Main Street supports the tax bill adopted by the Ways and Means Committee this week, but not all the bill’s provisions are worth keeping. The House provision limiting SALT deductions on pass-throughs is a good example of why the “experts” need close supervision.  These provisions are hopelessly complicated and will hurt members of the very Main Street business community this bill is supposed to help.

First, some history. The TCJA imposed a new $10,000 cap on individual SALT deductions. It did not cap the SALT deductions of business entities, so corporate SALT (C-SALT) and any SALT paid by pass-through entities directly continued to be deductible as a business expense.

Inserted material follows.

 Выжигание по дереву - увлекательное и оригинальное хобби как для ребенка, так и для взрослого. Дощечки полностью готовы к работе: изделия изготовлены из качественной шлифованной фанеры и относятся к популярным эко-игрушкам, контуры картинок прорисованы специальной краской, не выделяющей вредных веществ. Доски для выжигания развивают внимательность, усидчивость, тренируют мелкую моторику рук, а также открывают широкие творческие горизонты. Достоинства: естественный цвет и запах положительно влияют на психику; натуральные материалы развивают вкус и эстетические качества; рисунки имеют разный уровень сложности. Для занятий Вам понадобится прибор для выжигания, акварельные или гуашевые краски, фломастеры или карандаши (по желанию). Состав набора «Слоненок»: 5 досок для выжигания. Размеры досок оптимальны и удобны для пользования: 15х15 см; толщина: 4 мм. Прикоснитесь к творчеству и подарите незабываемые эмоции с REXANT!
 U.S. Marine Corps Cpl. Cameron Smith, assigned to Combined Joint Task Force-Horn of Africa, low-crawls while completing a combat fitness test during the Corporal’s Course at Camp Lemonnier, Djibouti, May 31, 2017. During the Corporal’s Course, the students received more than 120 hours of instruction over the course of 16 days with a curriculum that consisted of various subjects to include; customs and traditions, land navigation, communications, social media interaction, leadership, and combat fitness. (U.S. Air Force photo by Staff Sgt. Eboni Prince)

This approach put pass-throughs at a disadvantage as most B-SALT is paid by the owners, not the entity. This was a big deal – losing the SALT deduction was equal to a 2-5 percentage point tax hike and effectively reduced the 199A benefit by about a third. The Main Street Employer coalition largely restored the lost deduction by encouraging 36 states to adopt our SALT Parity bills. (You can read the full history of our SALT Parity efforts here.)

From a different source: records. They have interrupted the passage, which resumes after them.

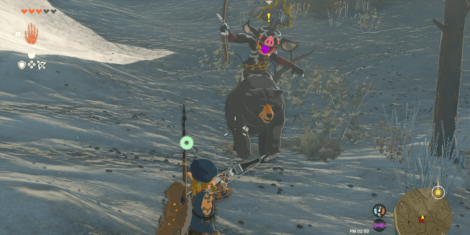 場所 外観 オルディン山脈付近のシククチの祠から北に行き、ライダーボコブリンを見つけたら念のためセーブしておき、下にいるクマだけを矢で狙って倒そう。クマだけを倒したら素材を回収し、セーブとロードすれば復活しているため、繰り返して肉を大量に入手しよう。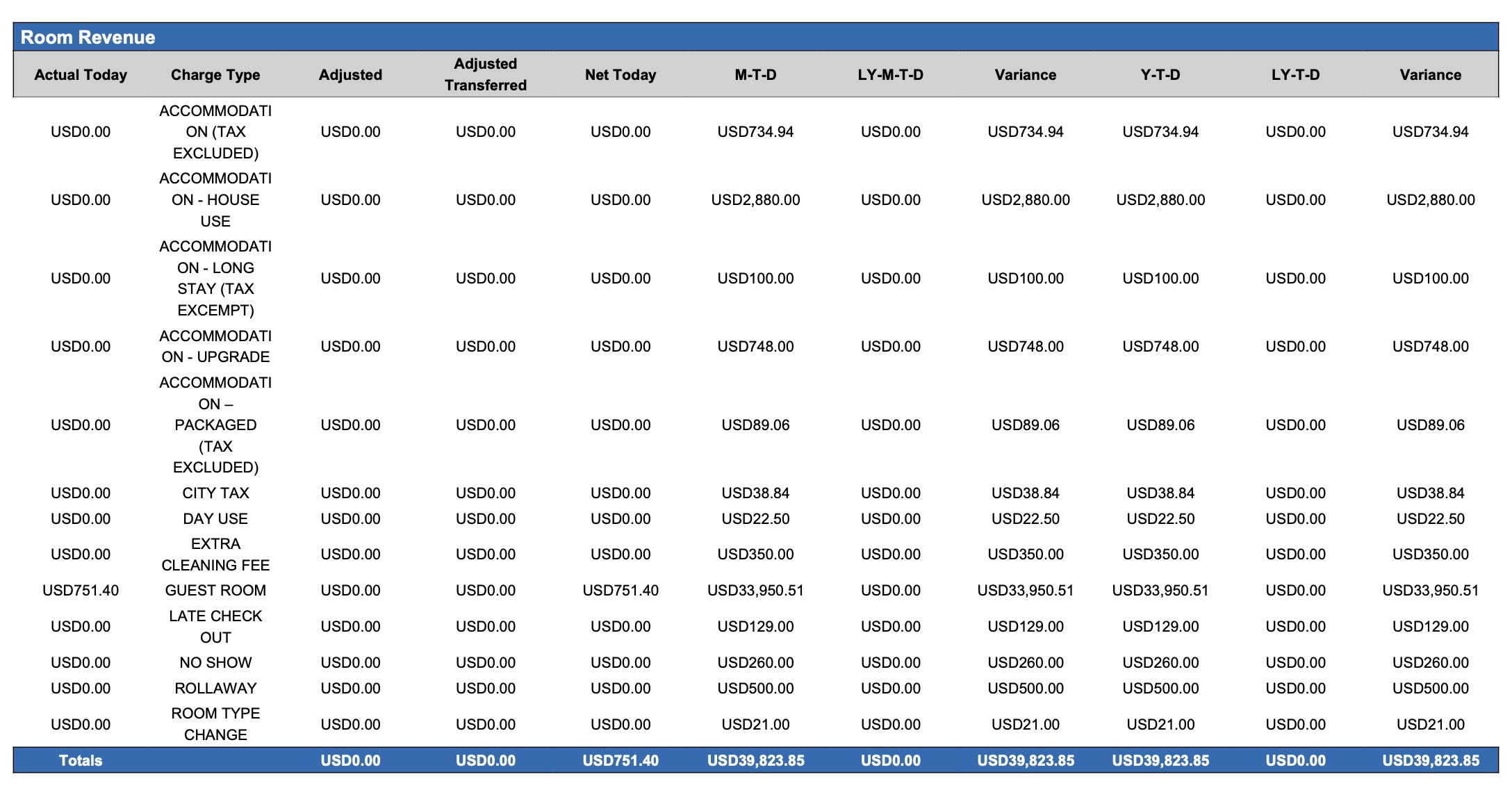 Room Revenue section: The total amount of income generated by charge type for the previous night's total numbers, compared to MTD, LY-MTD, the variance between the two, YTD, LY-YTD, and the variance between those two.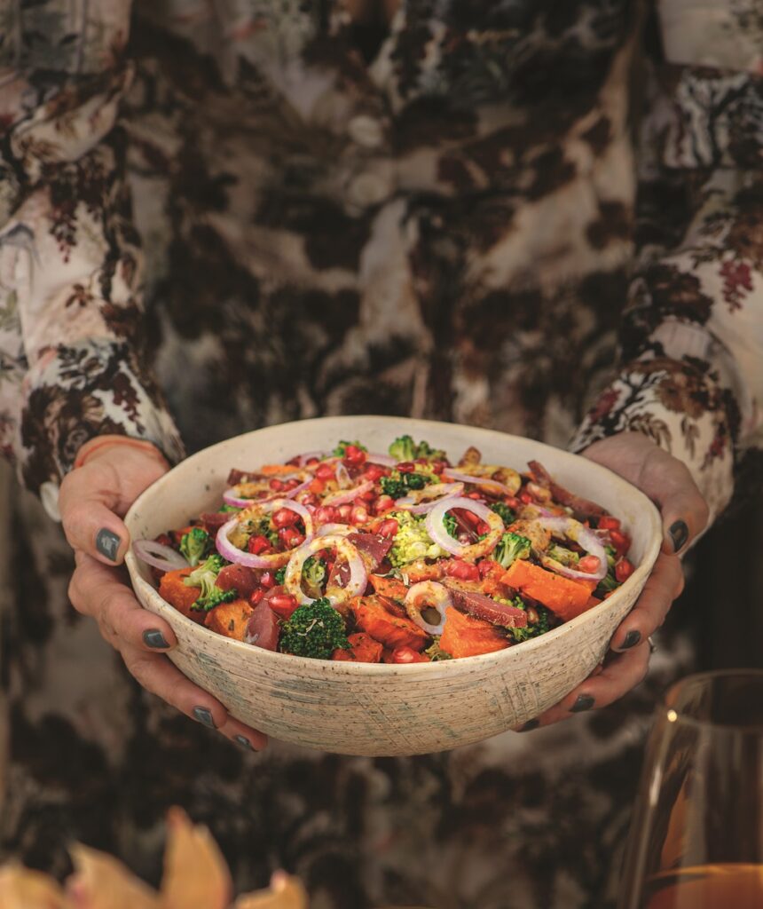 Σαλάτα με γλυκοπατάτες, ρόδι, ψητό μπρόκολο και νούμπουλο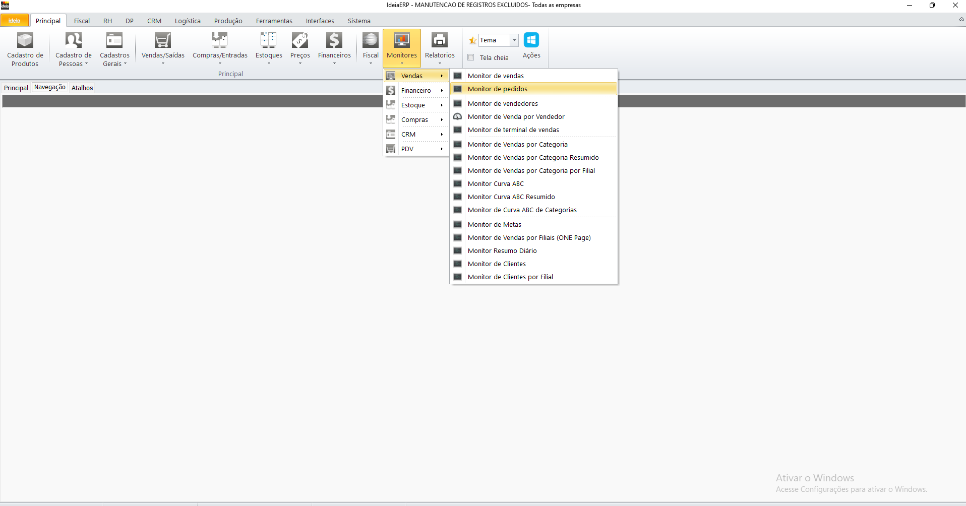 Caminho: IdeiaERP → Monitores → Vendas → Monitor de Pedido

The tax bill before the House would roll back about 40 percent of those deductions. At a high level, the changes preclude B-SALT deductions on business income that is designated as Specified Services Trade or Business (SSTB) income under Section 199A. How this works is remarkably complicated. Here is our best take:

  • Pass-through entities need to test if their SSTB income exceeds 25 percent of their aggregated business income. If it does, they are precluded from deducting any of their B-SALT as a business expense. This test requires business owners to engage in a complicated aggregation of all their income from related business entities. (More on that below.)
  • For entities that pass the test, they may deduct their SALT as a business expense, but only on non-SSTB income. For example, if a business has 20 percent SSTB income and 80 percent non-SSTB income, they get the B-SALT deduction on the 80 percent only.
  • Finally, any B-SALT paid on SSTB income must be newly reported to the business owners and then subject to the individual SALT cap.

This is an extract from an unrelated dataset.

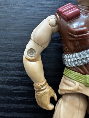 The Hasbro GI Joe 1988 Vintage Sgt Slaughter v1 Figure is a classic 3.25 inch action figure from the G.I. Joe franchise. This original figure of Sgt Slaughter, a featured character from the GI JOE TV show, is a sought-after collectible for fans of the series. With its vintage design and brand by Hasbro, this figure captures the essence of the 1988 time period and is a must-have for any GI Joe enthusiast looking to add a piece of nostalgia to their collection. Loose. Sold as is.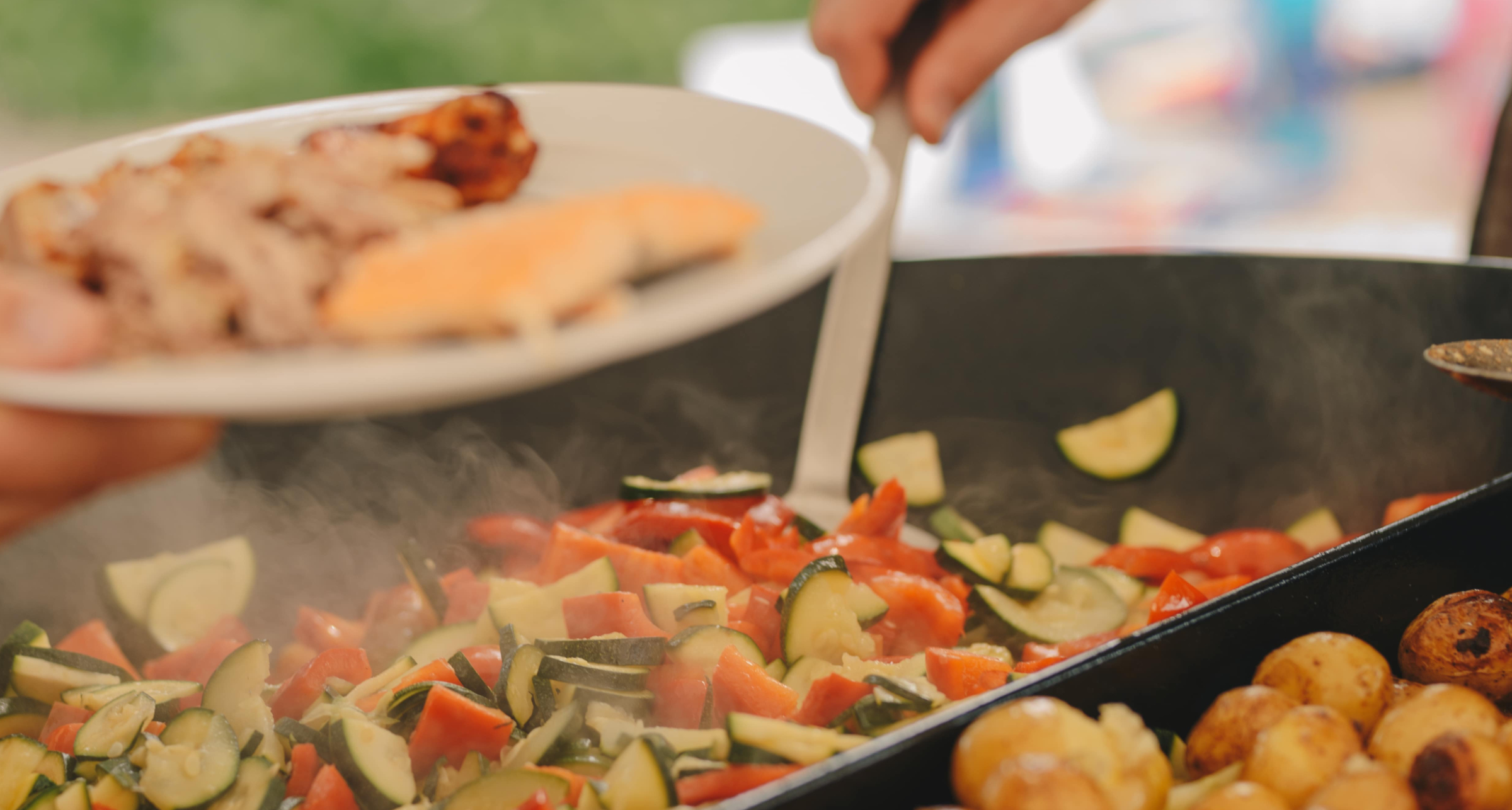 Two hot dishes and two sweets is between £15 to £19 per head depending on your choices and numbers.

It’s a “belt-and-suspenders” approach, but is all this really necessary? Clearly not. Here are some concerns:

Complexity 1: S-Corp strongly disagrees that B-SALT needs to be restricted. If Congress is determined to proceed, however, why do it in such a complex manner? Why not just exclude SSTB income from B-SALT deductions?  Why drag millions of businesses through a super complex, yet-to-be drafted 75/25 aggregation test when the provision already excludes SSTB income from the B-SALT deduction anyway?

Complexity 2: The bill would create two separate and conflicting rules for determining qualified income – the existing rule for determining qualified income under Section 199A and a new, much more punitive aggregation rule for determining B-SALT deductions. Since the bill already relies on Section 199A for the SSTB rules, why not use the 199A aggregation rules too?

It is an Election: On that note, why bother with the new K-1 reporting regime?  If SSTB income is precluded from B-SALT deductions at the entity level, why force pass-throughs also to report their SSTB deductions separately to their owners?  They are highly unlikely to get any benefit. We designed the PTET deduction as an election in order to side-step all this complexity. If you don’t benefit from a PTET tax, don’t make the election. No reporting required.

Parity 1: The argument against B-SALT deductions is that it disadvantages wage earners who are subject to the individual cap, but wage earners enjoy benefits not available to business owners. They get employer-paid FICA and HI taxes and tax-exempt benefits like health insurance coverage. It is not at all obvious who gets the best deal, an issue we addressed previously here.

Parity 2: As noted above, the reason our SALT Parity laws work is because Congress elected not to cap C-SALT deductions. In this bill, Congress again elected not to cap C-SALT, yet they are targeting B-SALT.  How does that make sense? The benefit is the same. A C corporation deducts its C-SALT from its income leaving it more resources to invest and create jobs, while any subsequent payments to shareholders will reflect the added value of those deductions.

Parity 3: By tying the B-SALT changes to Section 199A, businesses operating as an SSTB are in for a double whammy – their income doesn’t get the 199A deduction and under the House bill it will be excluded from SALT deductions too. Senators and Representatives should be prepared to hear from the excluded industries. When a constituent business owner complains about tax hikes under this bill, this is what they are talking about.

The House bill is important to Main Street. Absent action, pass-through businesses face a historically large tax hike next year. That said, the bill adds to the tax disparity between corporations and pass-throughs — corporations get substantial tax relief with almost no offsetting provisions, whereas pass-throughs are subject to a mixed bag of benefits and costs.

Several of those costs are hopelessly complicated provisions that will excite tax nerds and enrich accountants, all at the expense of Main Street businesses.  The B-SALT deduction limitation is foremost among these, and it needs to be scrapped.